Some of my new work is about complicating the relationship between disabled people and the notion of cure. The public, political rhetoric about how we want civil rights and completely reject cure draws such a distinct line. But as I sit in gatherings of disabled people and listen to us talk about cure, prevention, and treatment, our stories about using medical technology are way more complicated than the public, political rhetoric allows for. Talk to anyone who lives with chronic pain or who is homebound because of multiple chemical sensitivity and it is clearly more complicated. Some folks are desperate for cure after years of being homebound by the nature of their impairments – by intense pain or being made extraordinarily ill by petroleum-based products for example – or if not a cure, then effective medical management. Those are the exact complications I want to engage when thinking about trans people and medical technology. How do we navigate medicalization vs. using medical technology? How do we resist the former while engaging the latter? What does the difference between the two mean in terms of power relationships with the medical-industrial complex?

You’ve expressed ambivalence about the political implications of the word “freak” and have pointed out that it has been a source of both pain and possibility for people with disabilities. But along with the freak, the freak show required the viewer. What compelled so many people to consume the spectacle of the other? How should people who want to change the world relate to this compulsion?

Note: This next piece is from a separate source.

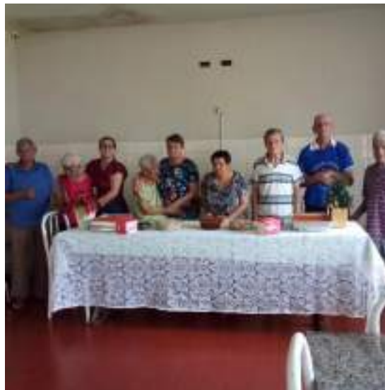
Almoço de Ano Novo 2023

During the century in which the freak show flourished – 1840 to 1940 – the US was in a period of tremendous instability and transition around immigration, industrialization, and slavery, which created all sorts of anxieties for white people and non-disabled people. The freak show functioned as a way to create some stability about who was normal and who was Other, both of which were defined by racism, ableism, and colonialism. I like teaching the history of the freak show because it’s a history that has to be understood through an intersectional analysis of race, disability, colonial power, gender, and queerness.

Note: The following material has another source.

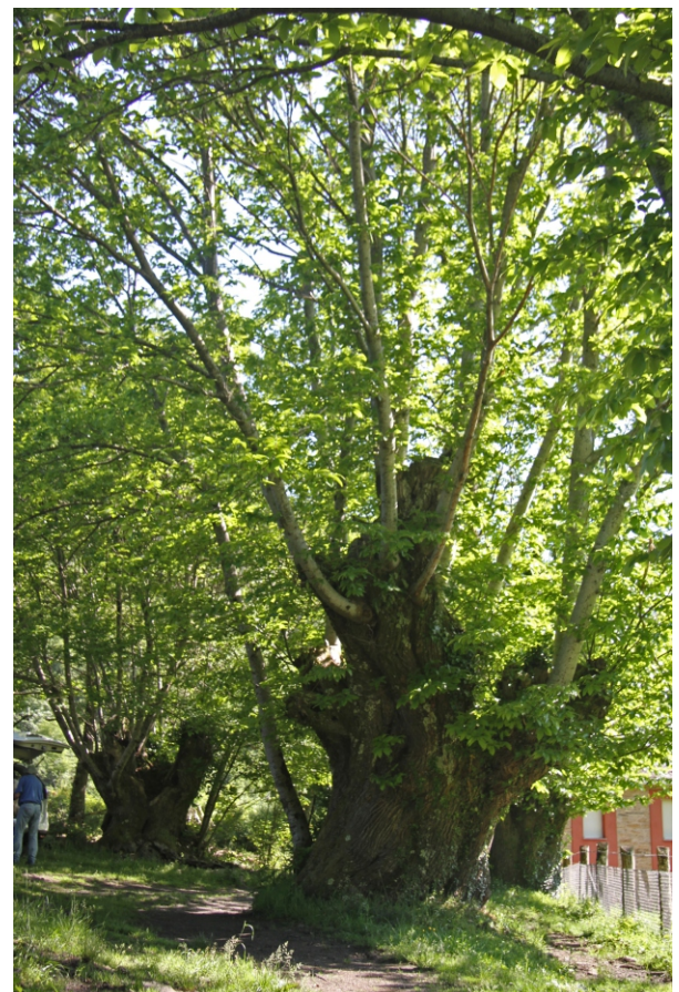
Souto de Biduedo

The impulse to gawk isn’t limited to the history of the freak show, but rather embedded in a bigger cultural dynamic. That dynamic has shifted over time but certainly hasn’t gone away. I believe that dynamics around gawking are partly put into motion as people are growing up. As children, we’re all curious. The world poses all sorts of mysteries for which kids want all sorts of names, categories, and explanations. Adults nurture this curiosity in a myriad of ways. But when it comes to bodily difference, we train kids early that it’s not okay to be curious. Rather than teaching kids about the difference between respectful and disrespectful questions regarding bodily difference, we just teach them that they aren’t supposed to notice those differences when in actuality we’re all noticing them all the time. Part of the cultural dynamic of gawking – pretending not to notice while having few skills to respectfully manage our curiosity – is set in place during those early years.

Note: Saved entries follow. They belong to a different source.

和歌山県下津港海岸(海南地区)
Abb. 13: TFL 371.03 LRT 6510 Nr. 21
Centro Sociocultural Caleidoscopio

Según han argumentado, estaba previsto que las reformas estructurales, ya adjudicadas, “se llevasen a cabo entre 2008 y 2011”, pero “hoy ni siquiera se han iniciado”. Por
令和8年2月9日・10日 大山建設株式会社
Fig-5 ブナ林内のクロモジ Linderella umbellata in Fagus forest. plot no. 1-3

How can activists use gawking in our favour? How can we manipulate gawking? Disability activists often use gawking to get media attention and then use the media as an educational or social justice tool. I’m thinking of an action that happened as the Americans with Disabilities Act was moving through Congress in the early ‘90s. The Capitol in Washington DC has a really wide, grand, steep set of stairs into the front entrance. I’m sure there are other accessible entrances, but this entrance is the most visible. Almost 100 wheelchair users parked their chairs at the bottom of the steps and crawled up them. It caused a big controversy in the disability community. The action was a way of using gawking. Those activists created a spectacle of their bodies to make a particular political point. When can we use gawking and when do we need to resist it? Another question with no easy answers.

And maybe in the end, that’s the point: these junctures and confluences where race, class, disability, gender, and sexuality come together refuse easy, single-issue answers.


1 Crip and cripple are reclaimed words used to shock, to infuse with pride and self-love, to resist internalized hatred, and to help forge a politics.